Na galeria da Brotéria, o espaço é habitado por uma voz que desenha princípios imaginários, acompanhada por estruturas provisórias, ruínas de cenários e vestígios dos seus protagonistas. Em diferentes escalas, ensaia-se a origem de uma possível dramaturgia — uma dramaturgia instável, em construção, que parece pertencer a todo o lado e a lado nenhum. João Timóteo e Xavier Ovídio exploram a atmosfera da narração e das cenografias impossíveis, convocando o visitante para um lugar entre a escuta, a imaginação e a presença.

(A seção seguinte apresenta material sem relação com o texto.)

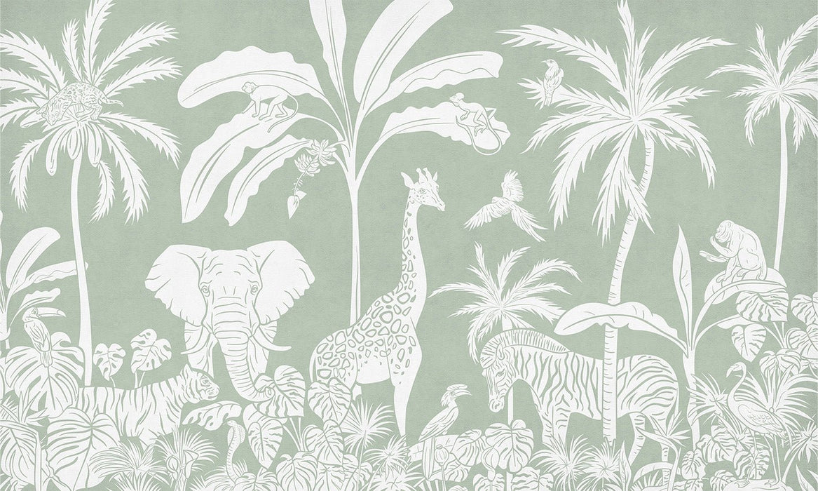 La carta da parati per bambini monocromatica verde safari è una decorazione murale morbida e toccante. Perfetta per decorare la cameretta del bambino o della bambina, questa carta da parati per bambini verde pastello fa scoprire ai bambini la bellezza degli animali della savana. Il suo colore verde addolcisce l'atmosfera per tranquillizzare il bambino e facilitarne l'addormentamento. Scoprite il mondo degli animali della savana con la vostra famiglia grazie a una graziosa carta da parati panoramica pensata per il vostro bambino. Grazie alla nuova decorazione murale per bambini, potrete raccontare bellissime storie illustrate! Giraffa, elefante, zebra, uccelli esotici: fate un safari nel mondo infantile della savana.
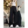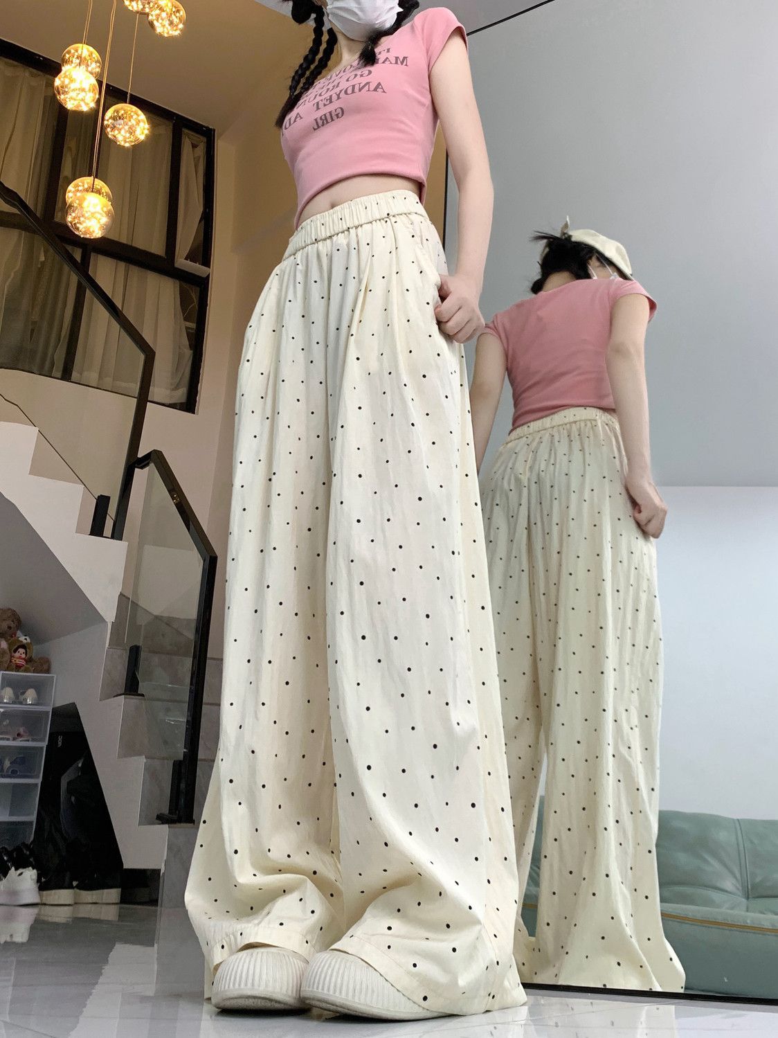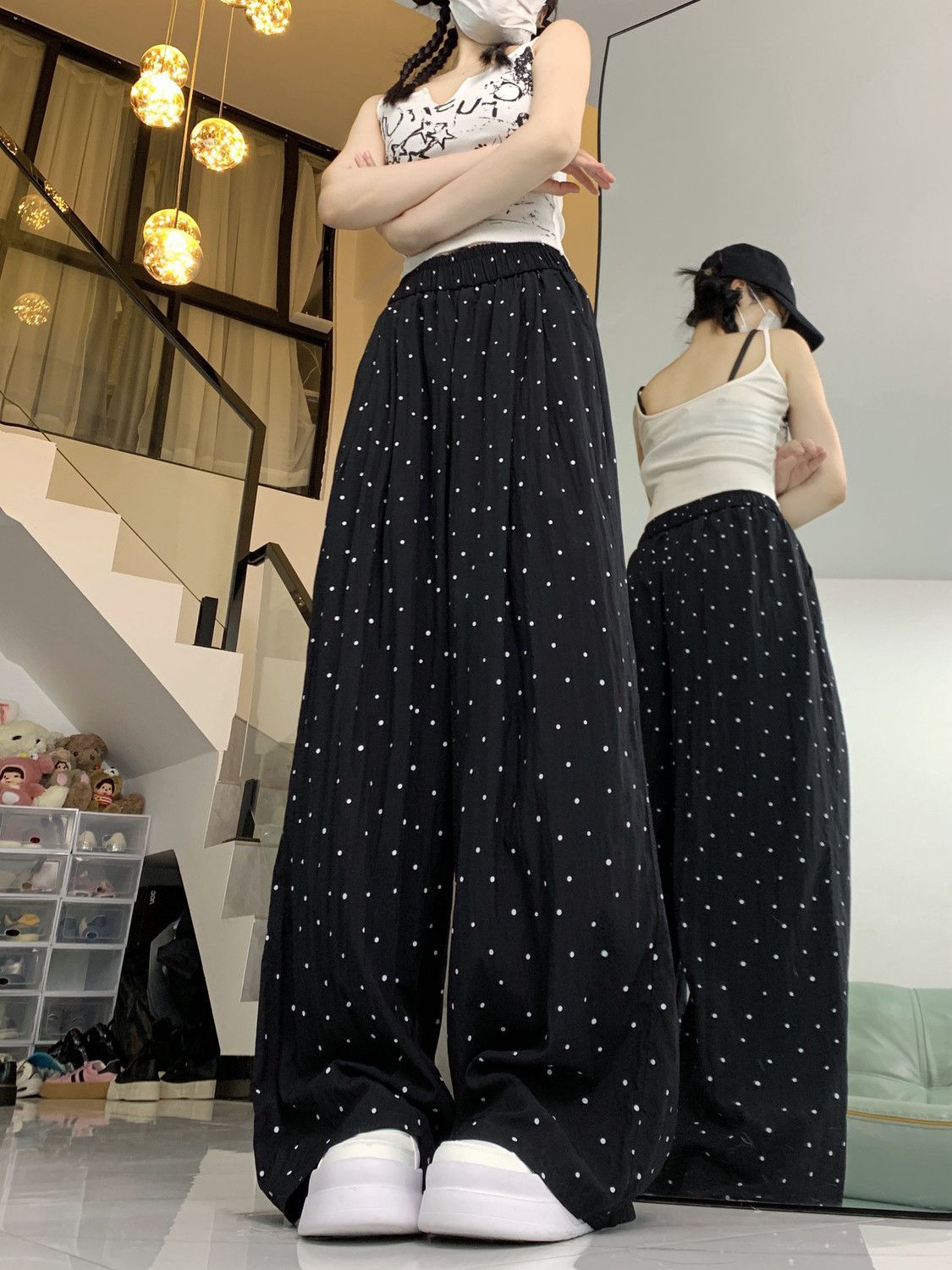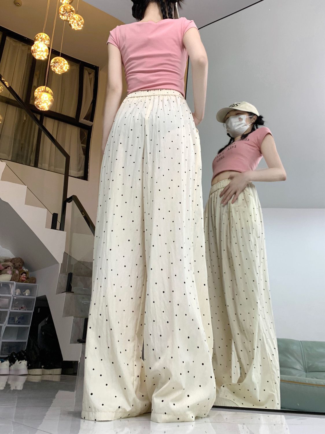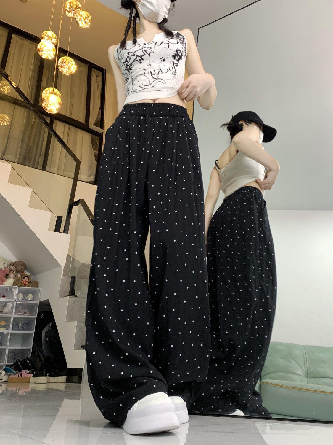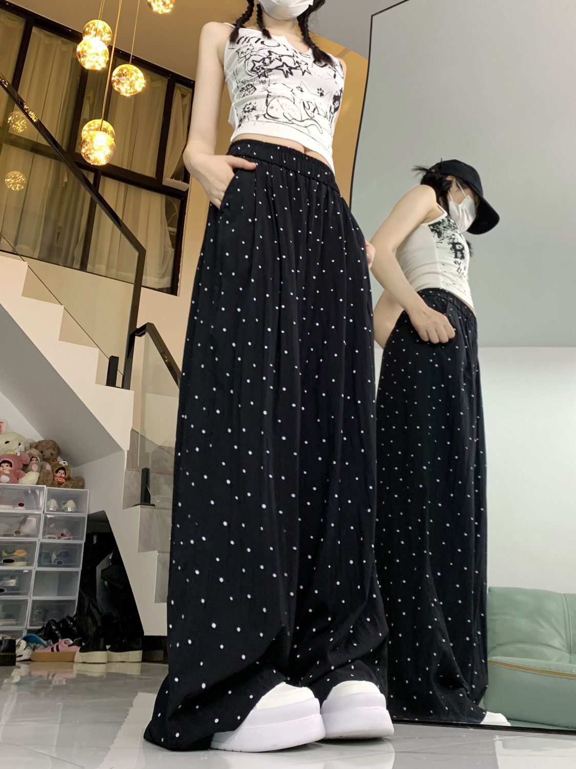 Pantalones Yamamoto de seda de hielo con lunares y ondas para mujer, de verano, finos, holgados, combinables, adelgazantes, casuales, de pierna recta y ancha.

Peter Brook (1925–2022), encenador de teatro e cinema, revolucionou o pensamento teatral ao propor uma passagem da ideia de «espetáculo» para uma simplicidade radical da encenação, colocando o foco no potencial da performance artística — concretamente na relação entre ator e público — e reconhecendo a força interior da experiência humana na exploração dos seus temas cruciais.
A própria palavra teatro deriva do grego theaomai (θεάομαι): olhar com atenção, perceber, contemplar. Não se trata apenas de ver, no sentido comum, mas de viver uma experiência intensa, envolvente e inquiridora, que procura descobrir significados mais profundos — um ver que envolve a inteligência, a sensibilidade e a imaginação.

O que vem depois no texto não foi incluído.